IPS-Inter Press Service Deutschland GmbH
IPS-Tagesdienst vom 5. August 2013

Guatemala: Sondergerichte für Frauenmörder

von Louisa Reynolds


Bild: © Danilo Valladares/IPS

In Guatemala-Stadt steht Frauen ein eigener Busservice zur Verfügung, um sie vor sexuellen Übergriffen zu schützen
Bild: © Danilo Valladares/IPS

Guatemala-Stadt, 5. August (IPS) - Douglas Cuc Cruz arbeitete in San Miguel Petapa nahe der guatemaltekischen Hauptstadt als Clown. Doch seinen bislang letzten großen Auftritt hatte er nicht auf der Straße, sondern vor einem Sondergericht für Frauenmörder.

Eineinhalb Jahre ist es her, dass der 32-Jährige seine geschiedene Frau unter dem Vorwand besuchte, etwas für die gemeinsame Tochter vorbeizubringen. Seither ist Evelin Pacheco García tot. Die Version ihres Ex-Mannes, ihr Tod sei ein Unfall gewesen, hielt den Obduktionsergebnissen nicht stand. Die Leiche wies Würgemale und Quetschungen auf.

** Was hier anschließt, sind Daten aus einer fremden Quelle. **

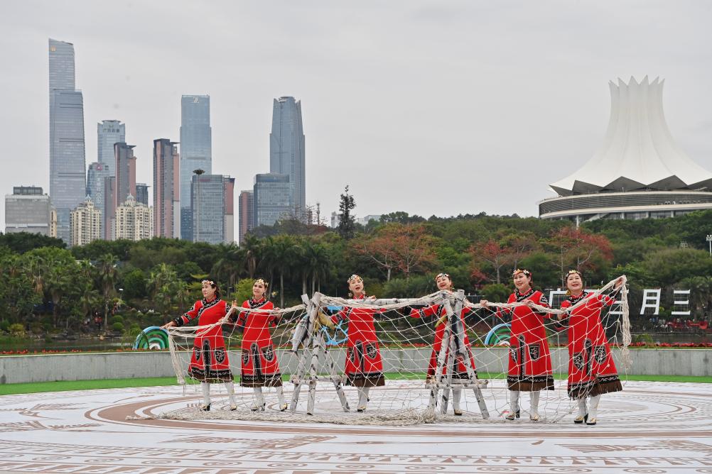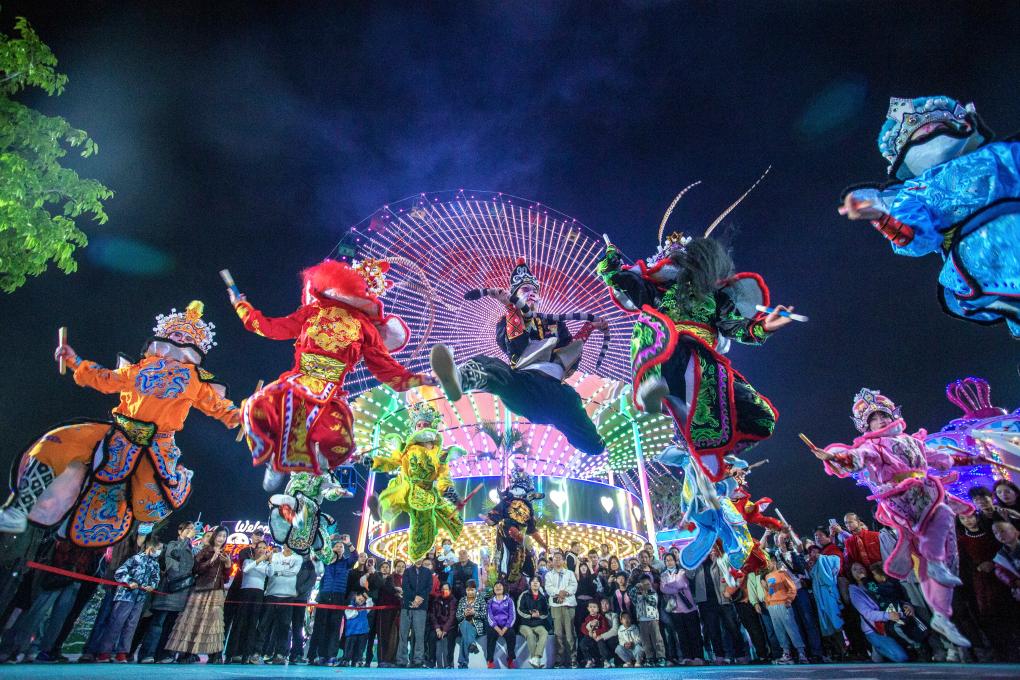 2026年2月19日,英歌舞队在广东省佛山市高明区滨荷Park生态文创园街头巡游表演。 文物保护利用和文化遗产保护传承全面加强

Auf der Grundlage forensischer Untersuchungsergebnisse und von Zeugenaussagen über eine lange Geschichte häuslicher Gewalt war Cuc Cruz wegen Mordes vor einem der neuartigen Gerichte angeklagt worden, mit denen Guatemala der geschlechtsspezifischen Gewalt gegen Frauen den Kampf angesagt hat.

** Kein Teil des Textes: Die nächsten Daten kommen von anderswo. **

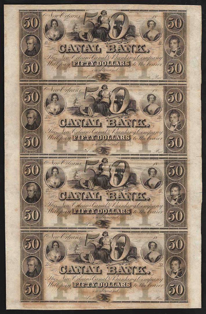 One Uncut Sheet of $50 Canal Bank New Orleans Obsolete Notes.

Cuc Cruz, der tagsüber Passanten zum Lachen brachte, mutierte abends und nachts zum Tyrannen, der seine Frau regelmäßig misshandelte. Auch nach der Scheidung gingen die Übergriffe weiter. Wie die Mutter des Opfers den Richterinnen unter Tränen berichtete, konnten Anzeigen und ein drei Mal in Anspruch genommener Personenschutz das Leben der Tochter nicht retten.


Höchste Fraumordrate Zentralamerikas

Pacheco García ist eine von 708 Frauen, die nach Angaben des Nationalen Instituts für forensische Wissenschaften (INACIF) im letzten Jahr in Guatemala gewaltsam ums Leben kamen. In der ersten Hälfte des laufenden Jahres wurden bereits 403 Frauenmorde begangen, 66 mehr als im Vergleichszeitraum des Vorjahres. Das Zentralamerikanische Integrationssystem und der Rat der Frauenministerinnen Zentralamerikas listen Guatemala als das Land mit den meisten dieser Verbrechen der Region.

Mit einer Mordrate von 48 pro 100.000 Einwohner gehört Guatemala zudem zu den gewalttätigsten Ländern der Welt, wie aus dem Zentralamerikanischen Bericht über die menschliche Entwicklung von 2009 bis 2010 des UN-Entwicklungsprogramms (UNDP) hervorgeht. Der lateinamerikanische und der weltweite Durchschnittswert solcher Verbrechen liegt bei 25 beziehungsweise neun pro 100.000 Einwohner.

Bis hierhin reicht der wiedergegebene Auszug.